After query generation, Meta uploads SPARQL queries to both triplestores using [`piccione.upload_sparql_updates`](https://github.com/opencitations/piccione/blob/main/src/piccione/upload/on_triplestore.py).

## Multiprocessing

Meta processes CSV files sequentially (one at a time), but uses parallel processes within each file for I/O operations. This design is hard-coded for stability reasons: Virtuoso does not handle parallel SPARQL queries well.

For each file, Meta spawns up to 4 parallel processes:
- 2 for RDF file storage (data + provenance)
- 2 for SPARQL query generation (data + provenance)

## Manual upload

If the automatic upload fails mid-process (connection timeout, triplestore restart, etc.), you can retry with the manual upload script:

```bash
uv run python -m oc_meta.run.upload.on_triplestore <ENDPOINT_URL> <SPARQL_FOLDER>
```

Options:

| Option | Default | Description |
|--------|---------|-------------|
| `--batch_size` | 10 | Quadruples per batch |
| `--cache_file` | ts_upload_cache.json | Track processed files |
| `--failed_file` | failed_queries.txt | Log failed queries |
| `--stop_file` | .stop_upload | Touch this file to stop gracefully |

The script tracks progress in the cache file, so you can restart without reprocessing completed files.

## Error handling

Meta tracks progress in two files inside `base_output_dir`:

- **`cache.txt`**: Lists successfully processed CSV files. On restart, Meta skips files already in this list.
- **`errors.txt`**: Logs failed files with their error messages (filename + traceback).

If a file fails, Meta logs the error and continues with the next file.
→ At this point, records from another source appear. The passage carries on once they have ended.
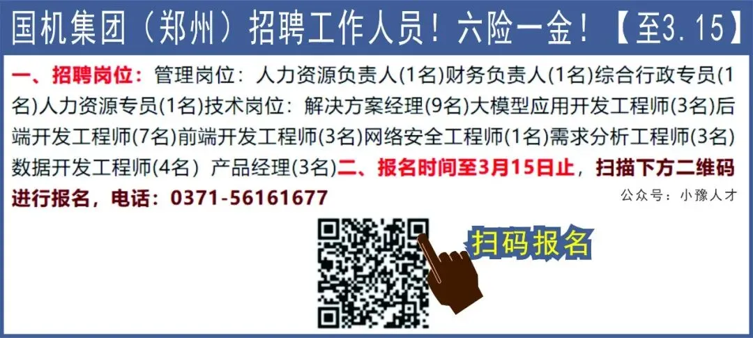 >国机集团(郑州)招聘工作人员!六险一金!【至3.15】
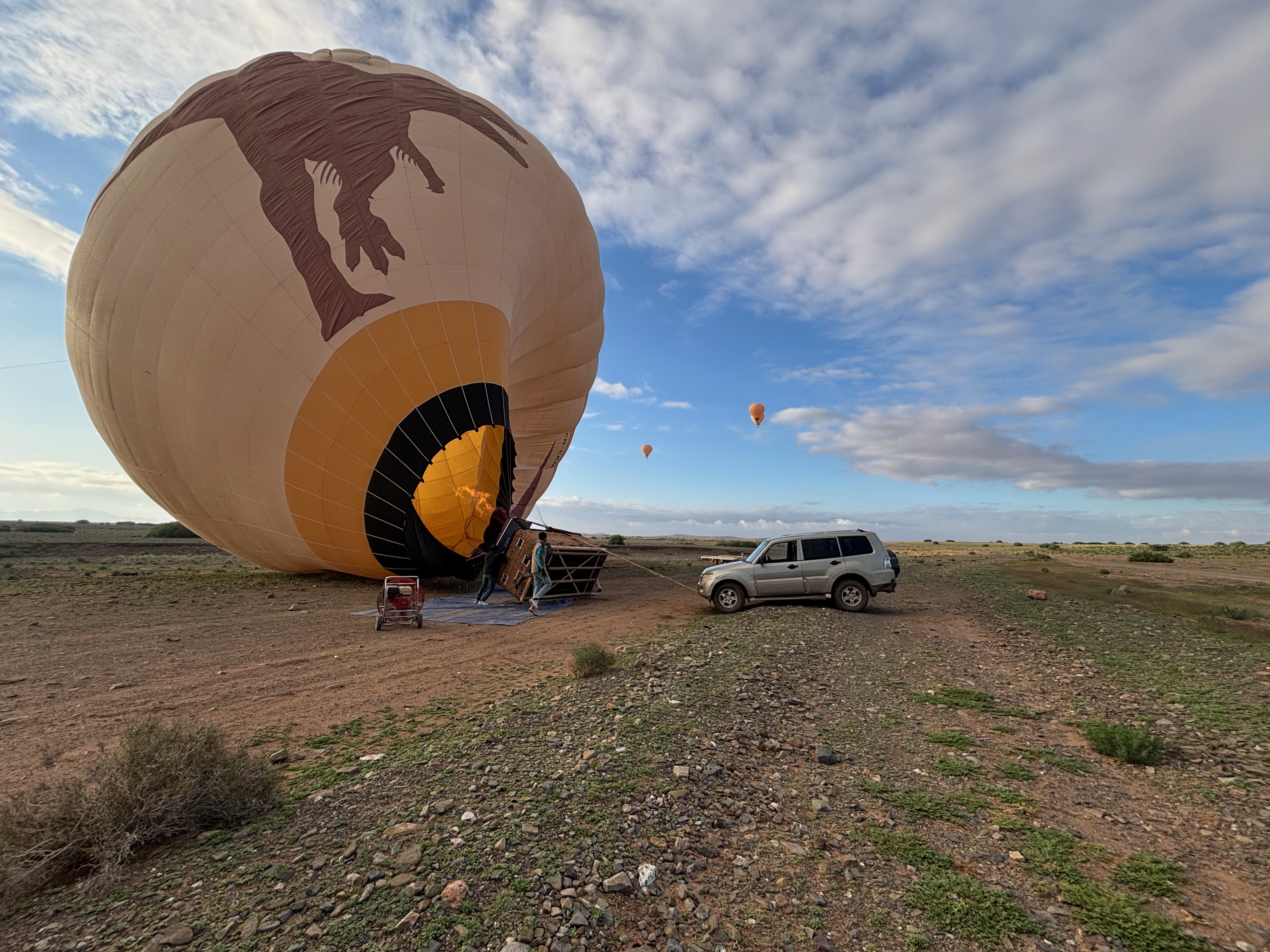 When we arrived, there were already a number of other outfits engaged in inflating their balloons, which is interesting to watch. The balloon is laid out horizontally on the ground and a large burner and fan are positioned at the mouth and turned on, using hot air to gradually inflate, which takes some amount of time, let’s say five to ten minutes. In our case just before the balloon reached full capacity, they had tied it off to the front of one of the pick-up trucks to keep it from floating away.
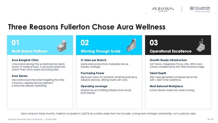 ทั้งนี้ การเชื่อมโยงความร่วมมือในครั้งนี้เกิดขึ้นโดยการสนับสนุนของคุณ Albert Wu จาก 10Bridge ซึ่งเป็น Local Partner ของ Fullerton Thai Private Equity และเป็นผู้มีบทบาทสำคัญในการประสานความร่วมมือระหว่างกองทุน Fullerton กับบริษัท Aura Wellness โดยเป้าหมายของเราคือการผลักดันให้ประเทศไทยเป็น Wellness Destination ของโลกอย่างแท้จริง ด้วยระบบบริหารจัดการที่โปร่งใส และได้มาตรฐานสากลที่เราวางรากฐานไว้ ซึ่งทำให้เราพร้อมรองรับการขยายตัวอย่างเป็นระบบในอนาคต”
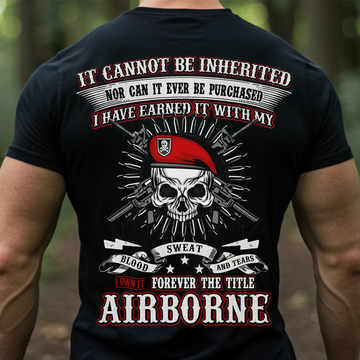 Skull Airborne Veteran T-Shirt Blood Sweat And Tears Forever The Title Military Clothes Gifts
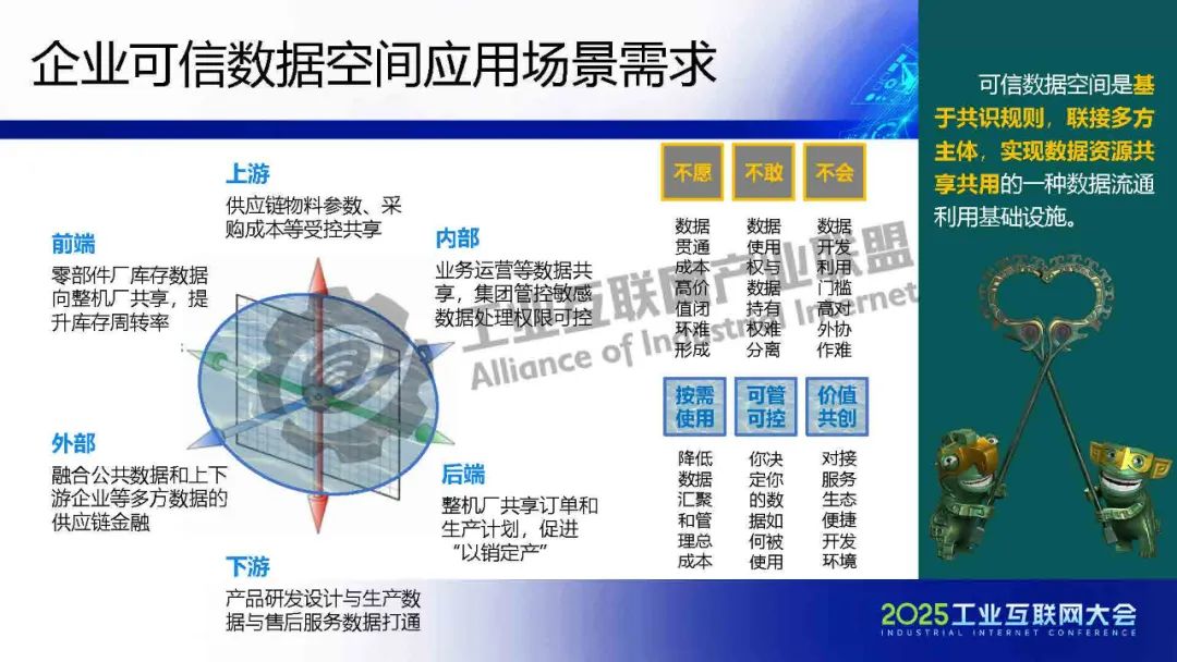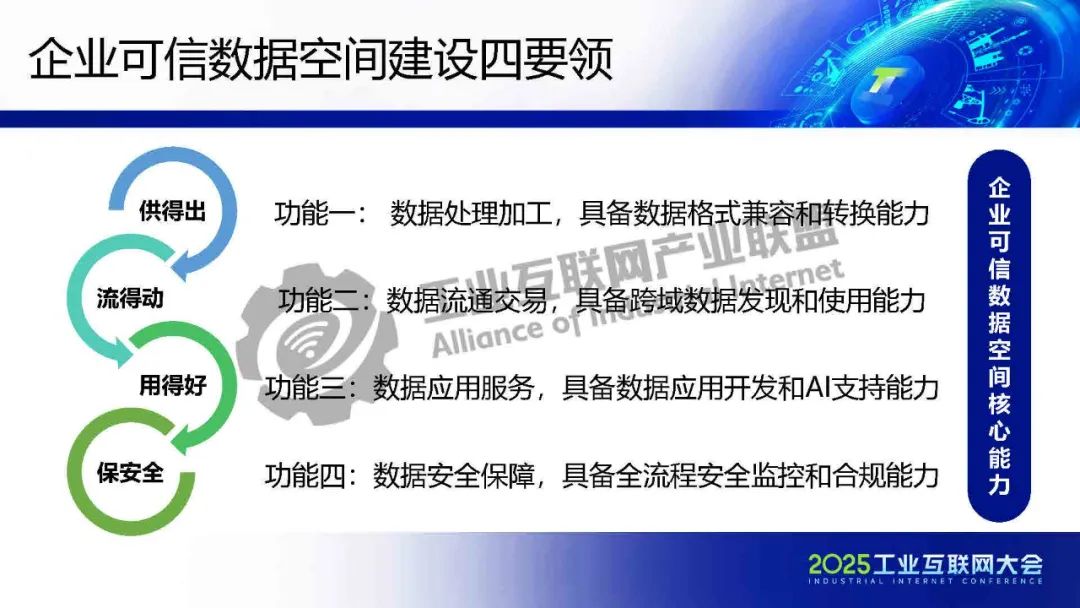 唐博介紹,智能制造企業通過建設可信數據空間,帶領產業鏈上下游共同接入數據流通,為“AI+”時代企業數據資源規模化開發利用,為促進產業鏈供應鏈協同提供了新思路和新模式。唐博提出制造企業數據資源的三大特征、企業可信數據空間建設的四項要領以及工業可信數據空間運營的五個關注點,分享了實體企業在可信數據空間建設和運營方面的實踐經驗,指出了可信數據空間系統解決方案的未來發展方向。
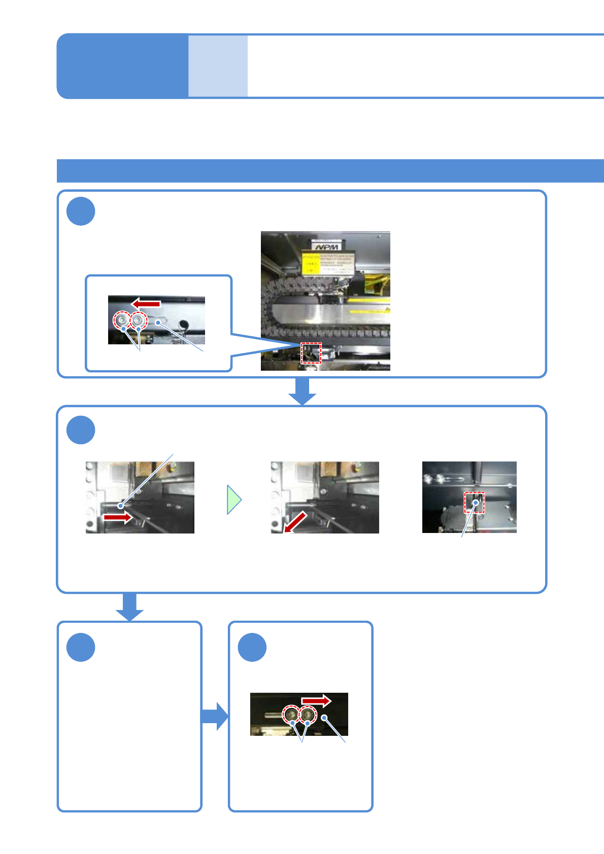 NPM- TT2 EJM1EC-MB-11 M-01 11 - 1 -7 维修保养篇 11 - 1 贴装头和吸嘴交换器的更换 4 1 2 3 4 旧型贴装头的安装 ( 固定螺栓的拆卸 ) 在 NPM-TT2 上安装旧型贴装头时,执行“贴装头的安装 ” ( → P.11-1 -3 ) 的步骤 4 之前,需要先拆卸下不使 用的 固定螺栓,并执行固定到设备内保管 位置上的作业。在下边对这 项作业的内容加以说明。 使用工具 : 六角扳手 (5m…

At the end of a complete run, `cache.txt` is renamed with a timestamp (e.g., `cache_2024-01-15T10_30_00.txt`).

## Output files

RDF files are always generated. When `rdf_files_only: false` (default), SPARQL queries are also produced:

```
output/
├── br/                      # Bibliographic resources
│   └── 060/                 # Supplier prefix
│       └── 10000/           # Entities 1-10000 (dir_split_number)
│           ├── 1000.zip     # Entities 1-1000 (items_per_file)
│           ├── 2000.zip     # Entities 1001-2000
│           └── ...
├── ra/                      # Responsible agents
├── id/                      # Identifiers
├── ar/                      # Agent roles
├── re/                      # Resource embodiments
└── prov/                    # Provenance graphs
```

The directory structure is determined by `dir_split_number` (entities per subdirectory) and `items_per_file` (entities per JSON file). For example, with `dir_split_number: 10000` and `items_per_file: 1000`, entity `br/060/15234` is stored in `br/060/20000/16000.zip`.